6h15 : Je descends ouvrir la porte du jardin au chat. Je constate que mon fils aîné a laissé la porte d’entrée ouverte, en plus du bruit qu’il a fait hier soir. Ma colère monte.
Par ouverte, je veux dire qu’elle n’est pas fermée à double tour : c’est-à-dire que si quelqu’un casse la vitre (vitre épaisse des anciennes portes d’entrée art déco), il peut en faufilant sa main -par le morceau de vitre qu’il aurait cassé- appuyer sur la poignée intérieure et donc ouvrir facilement la porte. Ouvrir « facilement » à supposer que personne n’ait entendu les bruits d’effraction, et surtout moi qui ai un sommeil extrêmement léger.
6h25 : Je suis dans la salle à manger devant mon ordinateur. Je veux profiter de l’heure qu’il me reste pour travailler sur un sujet qui me tient à cœur en ce moment.
6h28 : La porte d’entrée claque, on chante en bas, ça parle fort. Je devine que mon fils vient de rentrer en compagnie du même ami qu’hier soir. Ils ont donc passé une partie de la nuit dehors ce qui m’apparaît très rassurant. En dépit du couvre-feu, certains osent s’affranchir d’interdits inutiles.
6h30 : De nouveau, bruit de la porte d’entrée. Je devine que son ami est parti. J’entends alors mon fils monter les marches 4 à 4. Il fait irruption dans la pièce joyeusement :
-« Maman, j’ai quelque chose d’important à te dire, il y a une énorme merde devant la porte d’entrée, pile au milieu du passage, il faut que tu le dises aux filles sinon, elles vont marcher dedans en partant en cours, c’est sûr ! Tu vois comme je suis altruiste ? Ça c’est de l’altruisme. »
Il est extrêmement fier de lui, très enthousiaste, l’euphorie d’une nuit alcoolisée sans sommeil.
Après l’avoir réprimandé sur le bruit qu’il a fait dans la nuit (j’oublie de parler de la porte laissée ouverte), je lui réponds :
« Heu, l’altruisme, ça serait plutôt d’enlever la merde tu ne crois pas ?
Lui : « Ah non mais là, j’ai pas la foi, je suis fatigué là, je vais me coucher mais quand même je suis super altruiste, je suis venu vous prévenir. »

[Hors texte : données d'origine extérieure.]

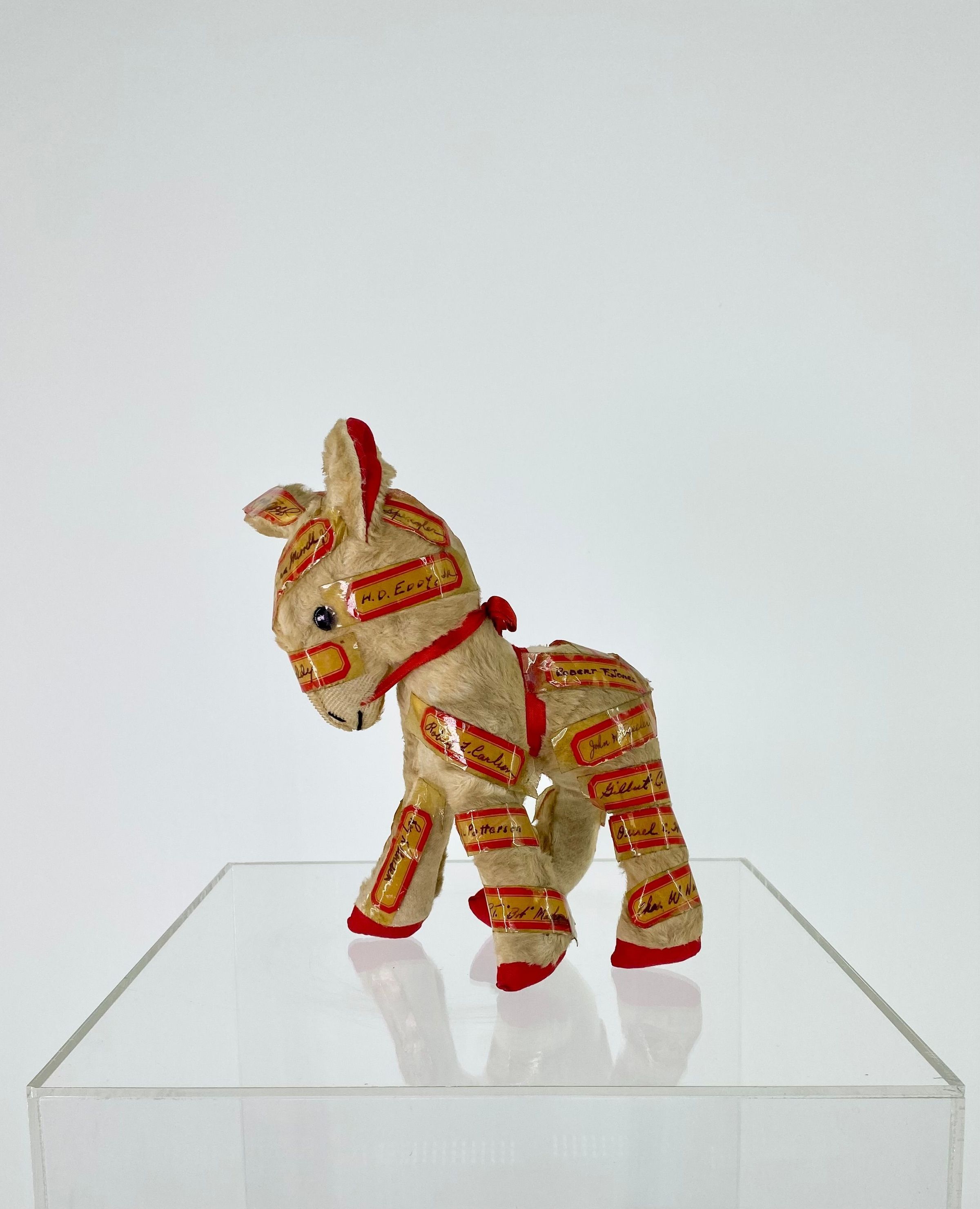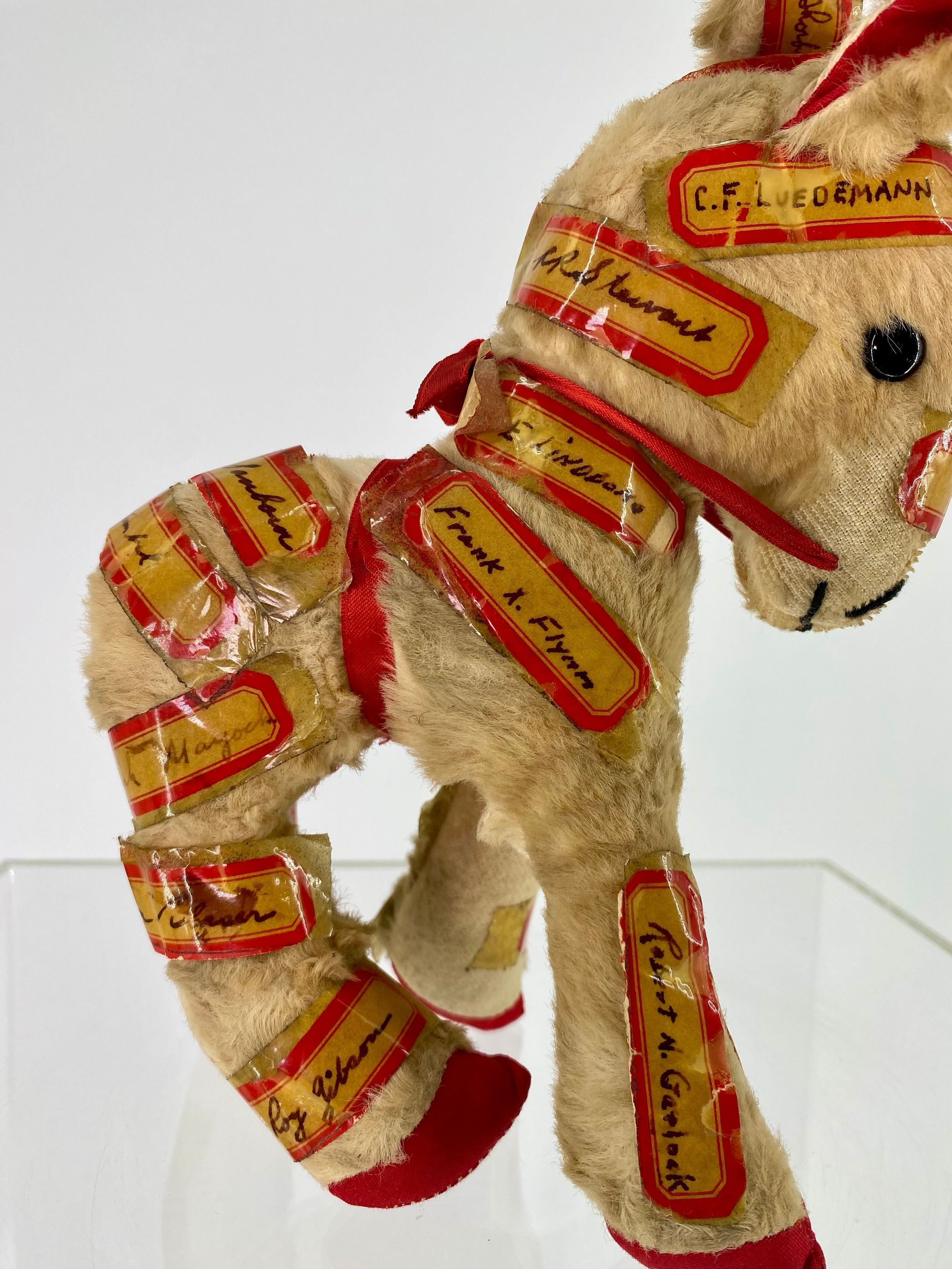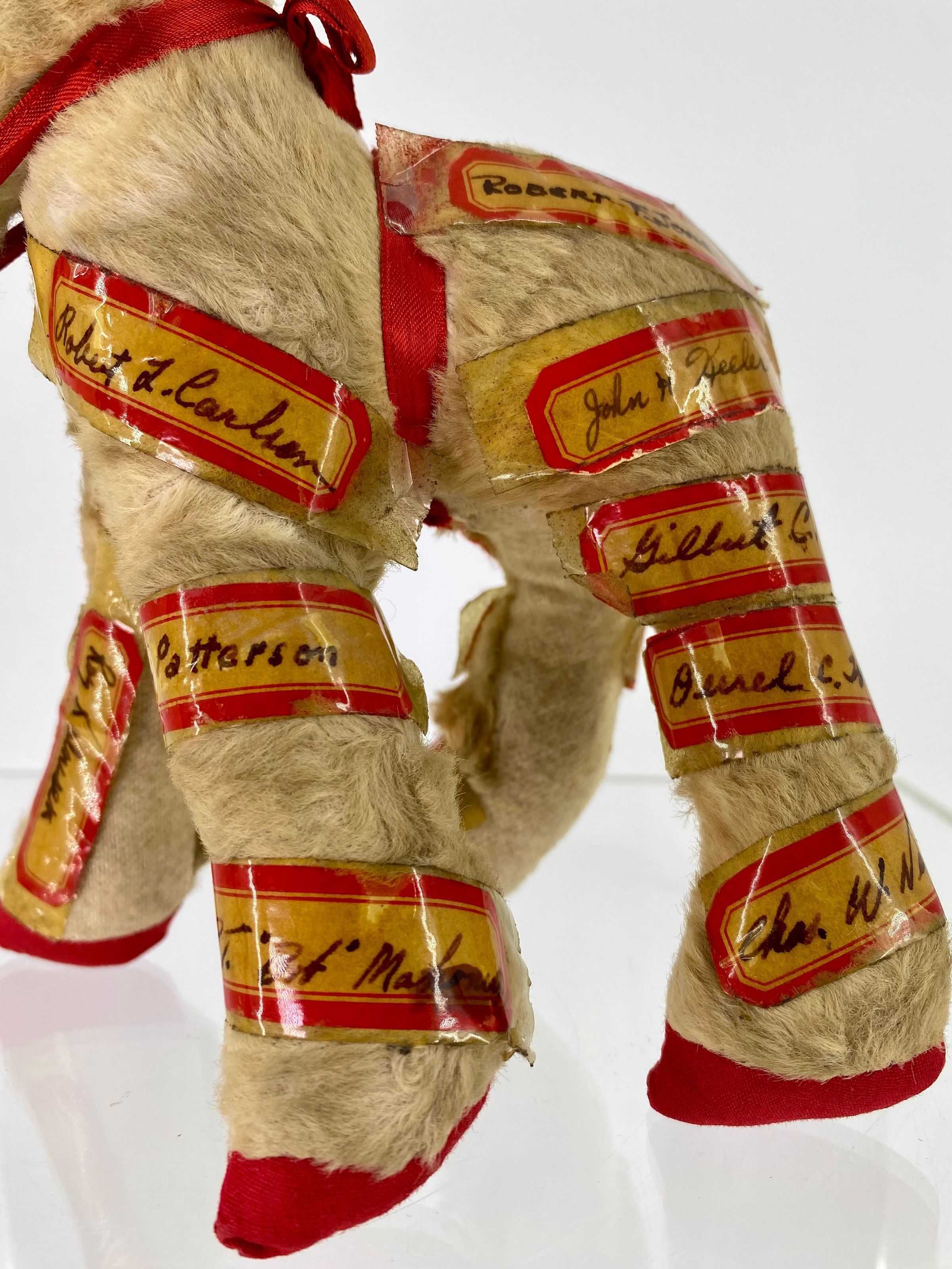 A white and red stuffed donkey toy with the names of Torpedo Squadron One's members carefully taped around the toy.Use

6h32 : Je descends pour nettoyer l’étron. Zut la porte d’entrée a été soigneusement refermée. Je remonte chercher la clef.

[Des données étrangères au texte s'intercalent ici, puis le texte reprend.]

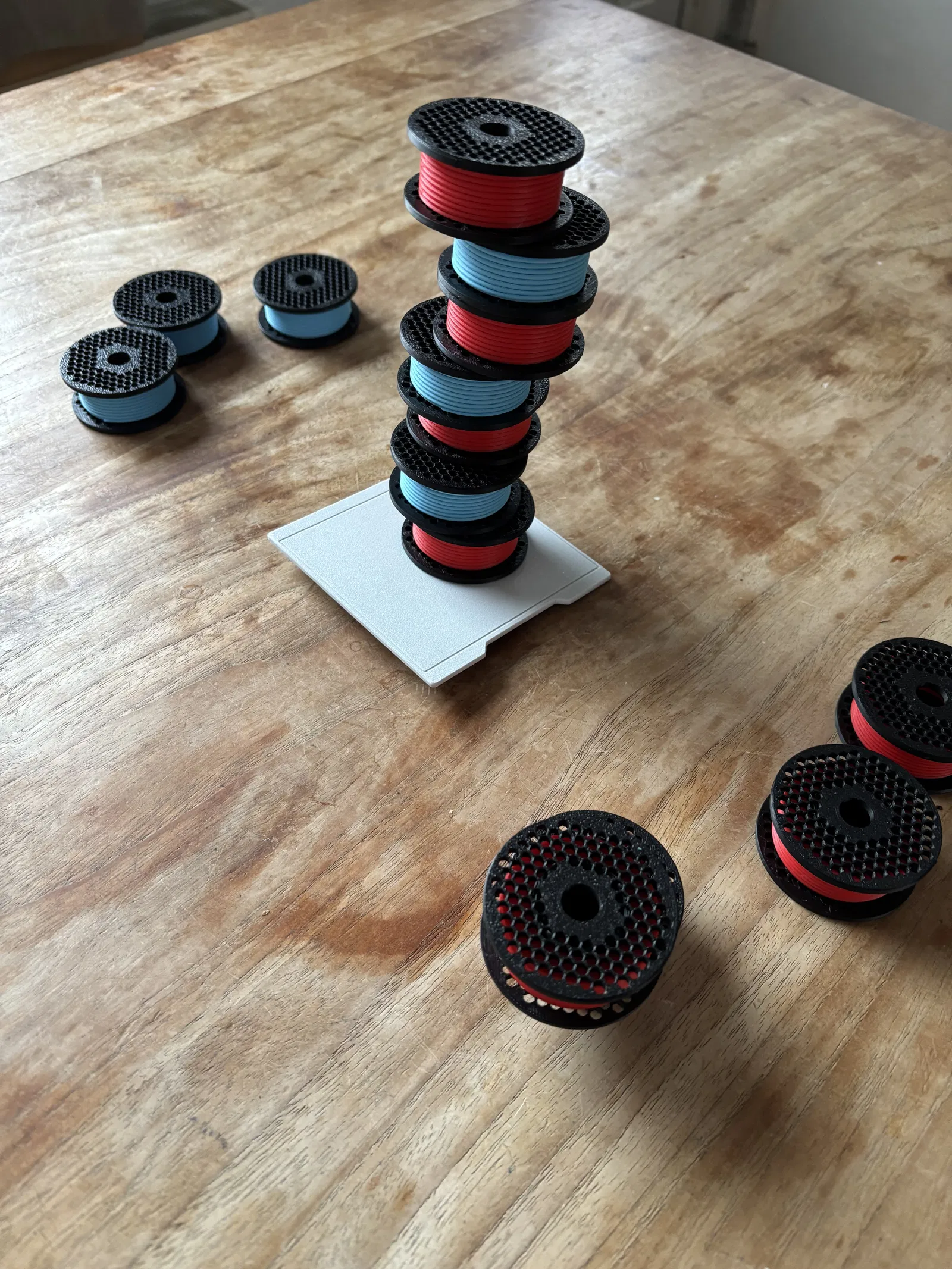 Xếp một tòa tháp cao bằng các cuộn chỉ trên tấm đế lung lay trước khi nó sụp đổ. Bắt đầu với một tấm đế trống và lần lượt đặt xuống một cuộn chỉ. Nếu tháp sụp đổ, bạn thua. Bạn sẽ cần khoảng 9 cuộn chỉ cho mỗi người chơi (tổng cộng 18 cuộn) để chơi trò này.

6h33 : J’ouvre la porte. Après une analyse visuelle de la déjection canine (le pluriel serait plus approprié) je perçois que la tâche va être délicate. Le trottoir est large et fait plus d’un mètre et il a plu.
Je vais remplir un seau d’eau. Personne à gauche, à une dizaine de mètres sur la droite, quelqu’un attend le bus. Mes filles partiront toutes les trois vers la droite pour rejoindre, l’une son collège, les deux autres leur lycée. Je lance mon seau d’eau avec puissance, forte inclinaison à gauche. Une partie des excréments s’est déportée d’environ 50 cm (ouf les chaussures des filles sont sauvées), l’autre a bougé de 3 cm et me nargue. Elle vient de se mêler à une touffe d’herbe, la tâche devient ardue. Je referme la porte. Je vais pouvoir retourner à mes occupations. Mais le remord m’assaille.
Quelqu’un va forcément marcher dedans et même si du pied gauche, ça porte bonheur, j’imagine le désarroi du passant matinal. Je dois y retourner, renouveler mes efforts afin de guider toutes les crottes vers la route, ou plutôt le caniveau, afin qu’aucun piéton ne soit emmerdé. Deux seaux d’eau supplémentaires, le balai en paille pour débarrasser la touffe d’herbe de son encombrant parasite, laver le balai…
6h45 : De retour devant mon ordinateur, je suis en plein réflexion sur la notion d’altruisme. Est-ce moi qui ai transmis cette valeur à mon fils ? Il faudra que je pense à remercier l’odieux propriétaire du chien sans qui cette réflexion n’aurait jamais existée.